4 5 ab abc zabc abcd zabcd 4 you lovinyou aboutlovinyou allaboutlovinyou 5 de def abcd abcde abcdef 3 a ba ccc
Sample Output

Case #1: 4 Case #2: -1 Case #3: 4 Case #4: 3
Source 2015ACM/ICPC亚洲区沈阳站-重现赛（感谢东北大学）

strstr写法：

#include<stdio.h>
#include<string.h>
#include<ctype.h>
#include<math.h>
#include<iostream>
#include<string>
#include<set>
#include<map>
#include<vector>
#include<queue>
#include<bitset>
#include<algorithm>
#include<time.h>
using namespace std;
void fre(){freopen("c://test//input.in","r",stdin);freopen("c://test//output.out","w",stdout);}
#define MS(x,y) memset(x,y,sizeof(x))
#define MC(x,y) memcpy(x,y,sizeof(x))
#define MP(x,y) make_pair(x,y)
#define ls o<<1
#define rs o<<1|1
typedef long long LL;
typedef unsigned long long UL;
typedef unsigned int UI;
template <class T> inline void gmax(T &a,T b){if(b>a)a=b;}
template <class T> inline void gmin(T &a,T b){if(b<a)a=b;}
const int N=0,M=0,Z=1e9+7,ms63=1061109567;
int casenum,casei;
int n;
char s[505][2020];
bool e[505];
int bf()
{
	for(int i=n;i>=1;i--)
	{
		for(int j=1;j<i;j++)if(!strstr(s[i],s[j]))return i;
	}
	return -1;
}
int solve()
{
	MS(e,1);int ans=-1;
	for(int i=1;i<n;i++)//枚举子串
	{
		for(int j=i+1;j<=n;j++)if(e[j])//枚举还不一定是满足串的母串
		{
			//如果j是i之后的第一个满足要求的串，使得s[i]是s[j]的子串，那么s[i]对于后串的意义s[j]都能起到。

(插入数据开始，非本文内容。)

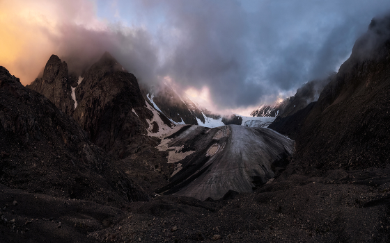 Закатный вид на ледник Большой Актру.
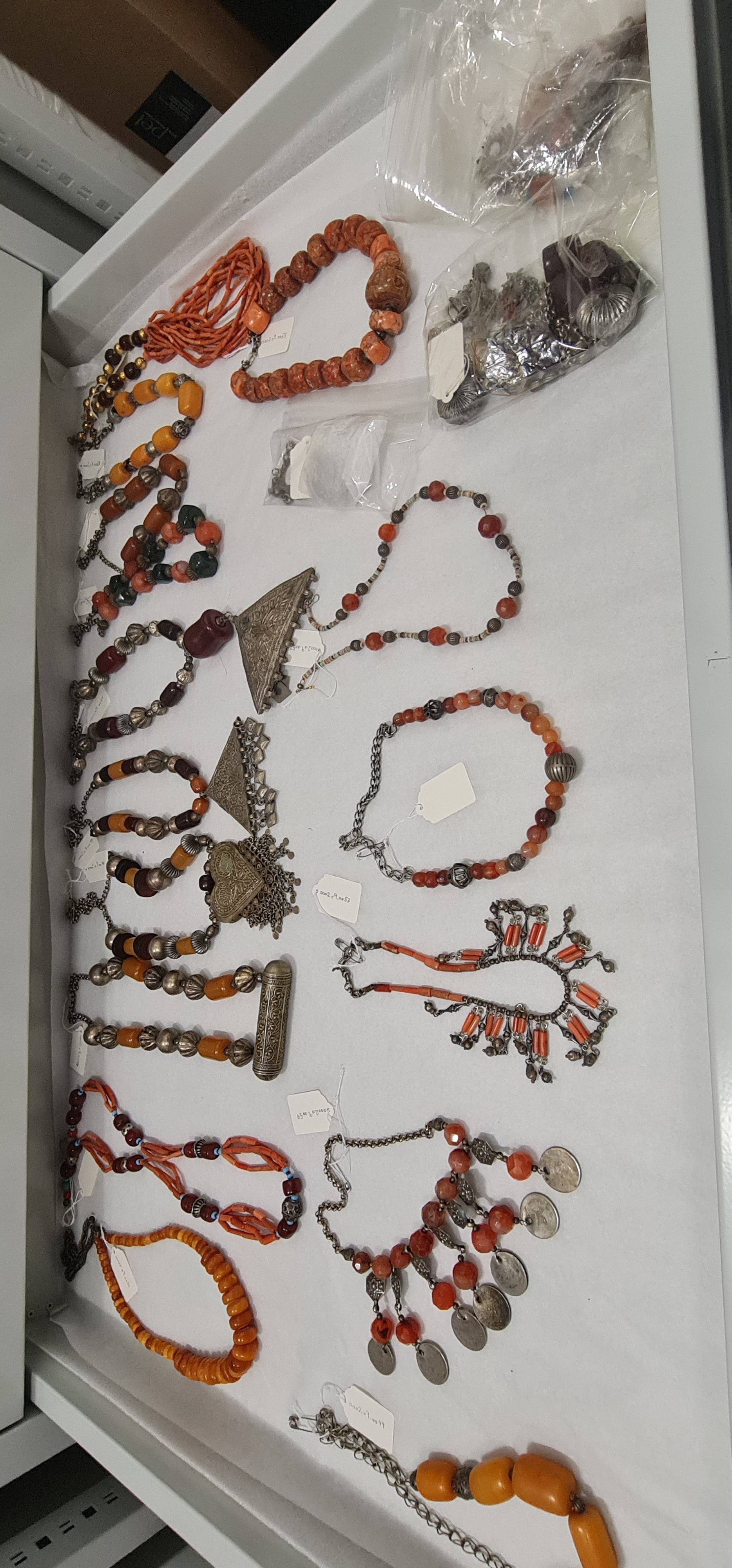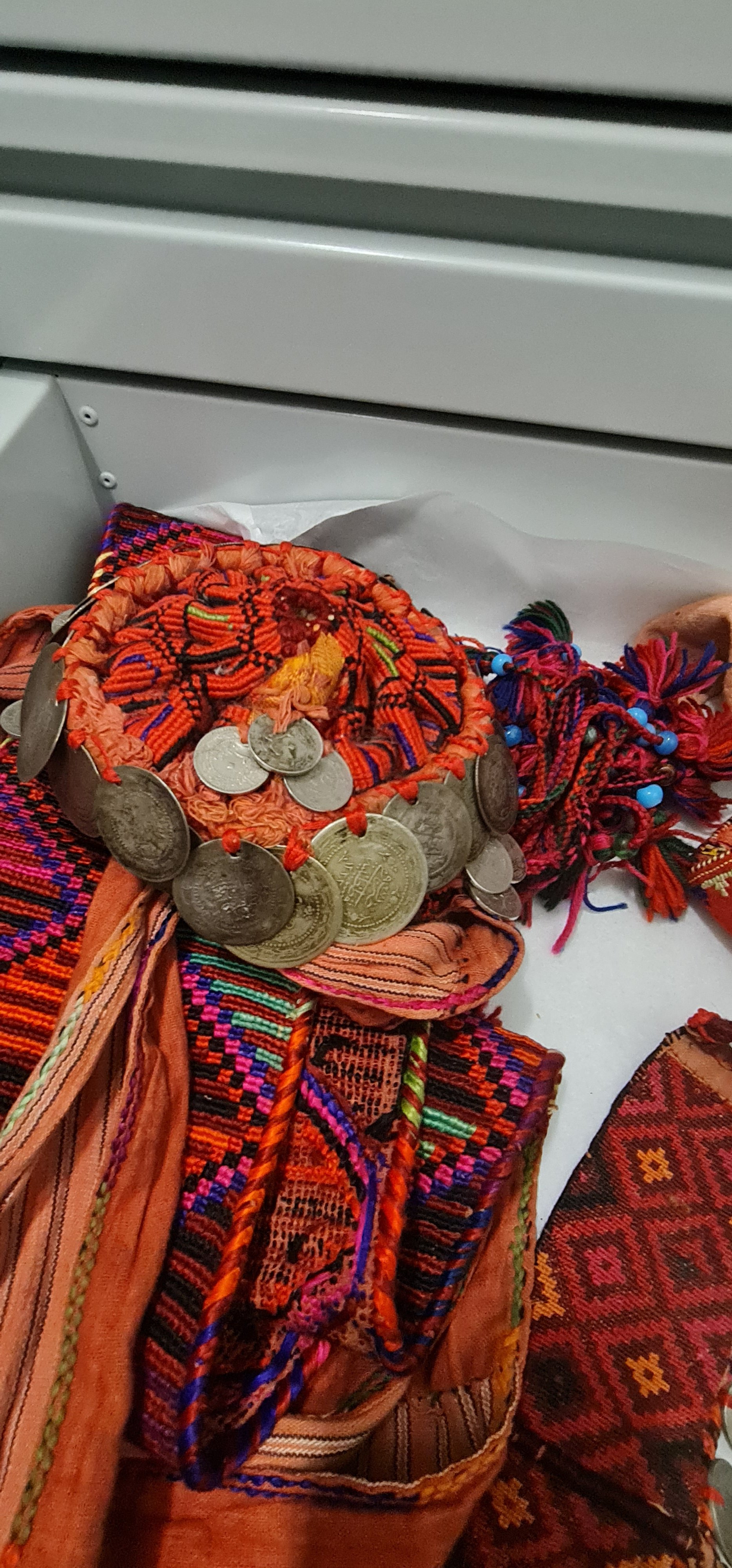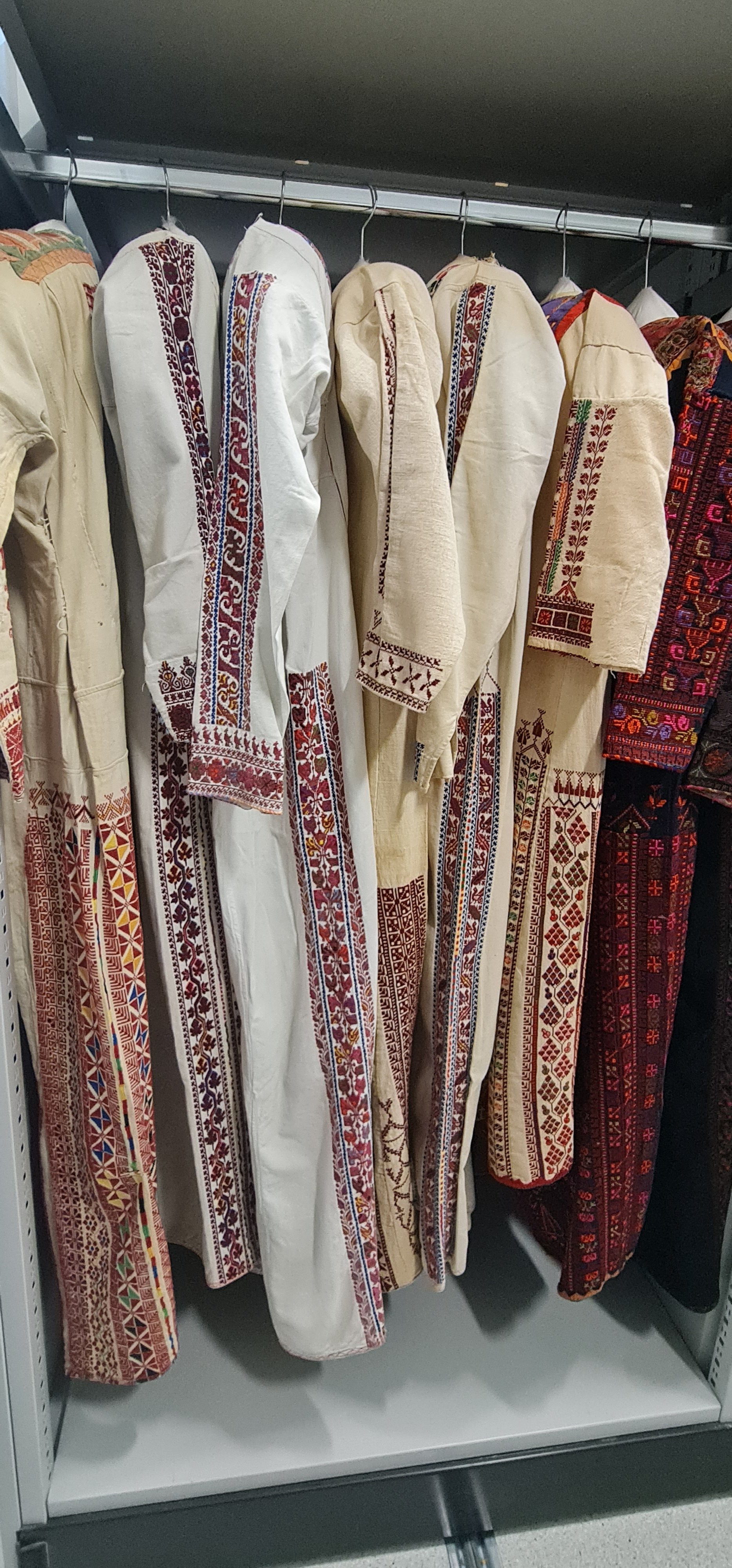 Son olarak Filistin nakışının ve aksesuarların sergilendiği bölümdeyiz. Kültürel özelliklerine sahip çıkmaya çalışan Filistinliler sergilenen bu yöresel kıyafetlerle tarihlerine ışık tutuyorlar. Kırmızı rengini ağırlıkla kullanan Filistinliler bugün hala özel günlerinde yöresel kıyafetlerini giyiyorlar. Yöresel aksesuarlardan cevşenli kolyeler, gümüş takılar ve akik taşları yine bu bölümde sergileniyor.

使s[i] break即可。
			if(strstr(s[j],s[i]))break;
			//否则s[i]不是s[j]的子串，那么s[j]就是满足要求的串，以后就不用再比较了。
			else {e[j]=0;gmax(ans,j);}
		}
	}
	return ans;
}
int main()
{
	scanf("%d",&casenum);
	for(casei=1;casei<=casenum;casei++)
	{
		scanf("%d",&n);
		for(int i=1;i<=n;i++)scanf("%s",s[i]);
		//printf("Case #%d: %d\n",casei,bf());
		printf("Case #%d: %d\n",casei,solve());
	}
	return 0;
}
/*
【题意】
有共计T（[1,50]）组数据
给你n（[1,500]）个串，每个串都是小写字符串，长度可达2000。
定义：s[i]是满足要求的串的条件是——至少存在一个j(1<=j<i)，s[j]不是s[i]的子串。
让你找到最大的i(1<=i<=n)，使得s[i]是满足要求的串。

【类型】
for循环处思维灵活转化 时间复杂度均摊思想 

【分析】
暴力做法有两种。
首先，最直接最暴力的做法是——
int bf()
{
	for(int i=n;i>=1;i--)
	{
		for(int j=1;j<i;j++)
		{
			if(!strstr(s[j],s[i]))return i;
		}
	}
	return -1;
}
这个时间复杂度是O(Tnnlen)，可达50*500*500*2000=250e8，即250亿，爆炸。
但是转念一想，这种数据所对应的输出可达50*500*2000=5e7，即50MB，是不可能的，读入就爆炸了。于是，如果常数小，这样做是可以AC的。
而事实上，对于随机数据，这种暴力其实比下面的暴力，效率更高，更容易AC。

然后，另外一种暴力，是我想要针对特定构造数据（其实是针对了自己TwT）所写。
以每个串为子串筛后面的所有串：
如果它不是后串的子串，那么break掉。答案不会比当前后串的编号小。
如果它是后串的子串，那么我们可以把后串删掉。
（就是这里想错了。我们应当删掉的串不是后串，而是这个串——如果顺着这里想下去，改变for循环的顺序，for j=i+1 to n，也许就能很快做出来了。唉，还是自己思考的时间太少了，思维太不灵活了。）

正确的做法是什么呢？
参照代码，先升序枚举i，再升序枚举j。
如果j是i之后的第一个满足要求的串，使得s[i]是s[j]的子串，那么s[i]对于后串的意义s[j]都能起到。使s[i] break即可。
否则s[i]不是s[j]的子串，那么s[j]就是满足要求的串，以后就不用再比较"某个串是不是s[j]的子串"了。
这个时间复杂度是什么呢？
对于每次（s[i]是不是s[j]）的子串：如果是，break掉，s[i]不再匹配；如果不是，s[j]被确定满足要求，s[j]不再匹配。
所以每次比较都会有一个串失去后序匹配作用。
于是时间复杂度是O(T(n^2+nlen))，最大不过50*500*2000=5e7，就是一个完全可以AC的时间复杂度了。

【时间复杂度&&优化】
O(Tnnlen)->O(T(n^2+nlen))

【trick&&吐槽】
1，题目：做题要看题目名称暗示。B题题目bazinga是"逗你玩"的意思，然后我们真的被这题捉弄了。
2，读题：不要太依赖队友的读题，做一道题之前一定要自己读一遍，形成一个独立、系统的认知。很多时候，水题做不出来，都是队友开题，然后甩给我，我的思维附带了他们之前的错误思路，也就很难走出去。
3，策略：不要让队友卡题，尤其这种傻X题，不如让自己来卡。不要对自己生疏的算法有所恐惧，要挑起队伍的旗帜。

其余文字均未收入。